═══ RECORDS FOR PROCESSING ═══

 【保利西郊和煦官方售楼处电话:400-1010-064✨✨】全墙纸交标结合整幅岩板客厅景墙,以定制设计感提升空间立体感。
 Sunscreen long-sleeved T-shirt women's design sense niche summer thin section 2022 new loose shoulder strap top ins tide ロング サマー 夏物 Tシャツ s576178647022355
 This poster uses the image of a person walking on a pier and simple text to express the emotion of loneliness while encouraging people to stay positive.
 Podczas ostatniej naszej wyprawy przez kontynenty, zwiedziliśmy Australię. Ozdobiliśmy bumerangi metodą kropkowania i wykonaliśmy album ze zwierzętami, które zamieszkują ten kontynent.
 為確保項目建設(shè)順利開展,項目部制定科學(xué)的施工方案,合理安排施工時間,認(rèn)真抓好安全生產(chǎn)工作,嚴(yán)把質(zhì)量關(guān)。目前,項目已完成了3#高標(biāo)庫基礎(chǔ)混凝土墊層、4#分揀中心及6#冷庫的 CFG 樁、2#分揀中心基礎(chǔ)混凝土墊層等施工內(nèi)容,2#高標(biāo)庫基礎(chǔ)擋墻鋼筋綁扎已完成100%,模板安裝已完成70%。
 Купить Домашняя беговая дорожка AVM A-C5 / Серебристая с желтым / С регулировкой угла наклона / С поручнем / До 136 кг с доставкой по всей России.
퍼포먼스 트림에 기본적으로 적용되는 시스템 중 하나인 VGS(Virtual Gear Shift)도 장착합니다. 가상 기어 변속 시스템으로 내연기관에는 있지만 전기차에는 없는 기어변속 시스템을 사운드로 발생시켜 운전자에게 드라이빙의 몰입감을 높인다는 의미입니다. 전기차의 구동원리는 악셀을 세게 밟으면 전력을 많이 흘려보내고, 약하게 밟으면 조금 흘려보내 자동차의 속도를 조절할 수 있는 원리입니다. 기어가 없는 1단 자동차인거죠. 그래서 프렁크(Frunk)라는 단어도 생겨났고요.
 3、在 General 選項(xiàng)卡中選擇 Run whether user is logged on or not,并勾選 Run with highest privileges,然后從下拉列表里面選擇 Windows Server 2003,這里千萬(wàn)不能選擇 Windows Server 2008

═══
═══ RECORDS FOR PROCESSING ═══

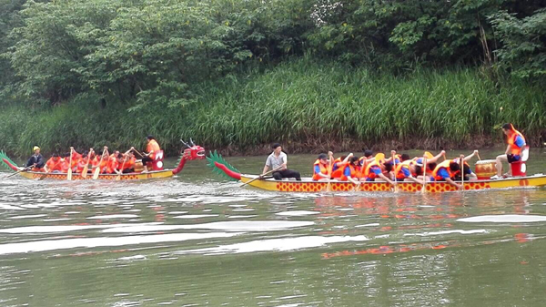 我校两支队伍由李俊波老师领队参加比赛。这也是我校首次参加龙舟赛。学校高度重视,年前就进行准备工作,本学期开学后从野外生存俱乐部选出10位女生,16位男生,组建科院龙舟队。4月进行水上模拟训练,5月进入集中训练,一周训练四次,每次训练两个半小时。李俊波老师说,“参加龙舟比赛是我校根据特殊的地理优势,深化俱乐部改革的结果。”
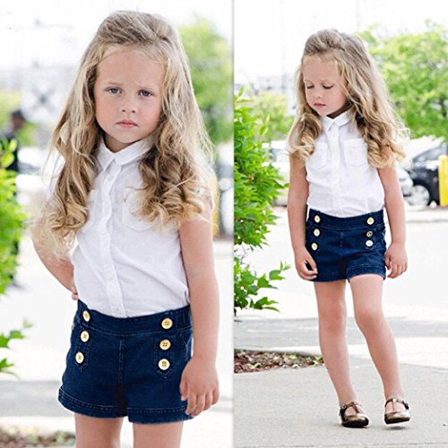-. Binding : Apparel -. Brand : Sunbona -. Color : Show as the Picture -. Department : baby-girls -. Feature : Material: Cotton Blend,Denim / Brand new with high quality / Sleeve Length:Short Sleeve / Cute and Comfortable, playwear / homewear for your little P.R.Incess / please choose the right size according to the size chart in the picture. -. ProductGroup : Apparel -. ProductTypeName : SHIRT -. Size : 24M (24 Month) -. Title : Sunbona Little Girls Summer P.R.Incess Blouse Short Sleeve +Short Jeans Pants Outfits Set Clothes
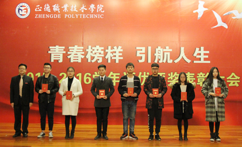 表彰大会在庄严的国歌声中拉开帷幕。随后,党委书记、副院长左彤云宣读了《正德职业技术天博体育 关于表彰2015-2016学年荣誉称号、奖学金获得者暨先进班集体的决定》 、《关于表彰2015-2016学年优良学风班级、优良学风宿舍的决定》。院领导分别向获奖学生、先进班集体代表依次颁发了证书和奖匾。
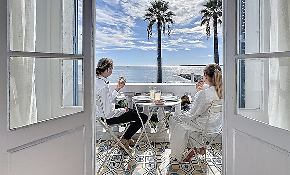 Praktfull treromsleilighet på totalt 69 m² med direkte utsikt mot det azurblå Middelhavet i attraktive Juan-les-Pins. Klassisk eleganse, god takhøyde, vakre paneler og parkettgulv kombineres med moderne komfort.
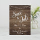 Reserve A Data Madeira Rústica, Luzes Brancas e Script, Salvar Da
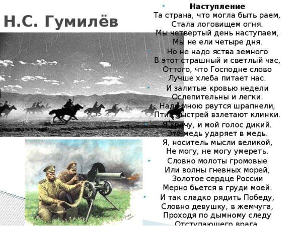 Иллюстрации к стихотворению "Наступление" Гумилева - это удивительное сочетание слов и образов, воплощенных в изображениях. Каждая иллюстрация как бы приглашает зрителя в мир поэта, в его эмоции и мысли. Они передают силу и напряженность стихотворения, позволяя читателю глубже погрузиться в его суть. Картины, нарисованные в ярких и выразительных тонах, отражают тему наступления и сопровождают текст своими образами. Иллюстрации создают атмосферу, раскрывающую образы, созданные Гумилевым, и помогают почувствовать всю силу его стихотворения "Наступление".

═══

**EXERCISE OBJECTIVE**
Take the entries above and copy exactly the lines starting at the one with "Reserve A Data" and ending at the one with "Иллюстрации к стихотворению"; nothing outside that span, and no pictures.

**TASK ANSWER**
 Reserve A Data Madeira Rústica, Luzes Brancas e Script, Salvar Da
 Иллюстрации к стихотворению "Наступление" Гумилева - это удивительное сочетание слов и образов, воплощенных в изображениях. Каждая иллюстрация как бы приглашает зрителя в мир поэта, в его эмоции и мысли. Они передают силу и напряженность стихотворения, позволяя читателю глубже погрузиться в его суть. Картины, нарисованные в ярких и выразительных тонах, отражают тему наступления и сопровождают текст своими образами. Иллюстрации создают атмосферу, раскрывающую образы, созданные Гумилевым, и помогают почувствовать всю силу его стихотворения "Наступление".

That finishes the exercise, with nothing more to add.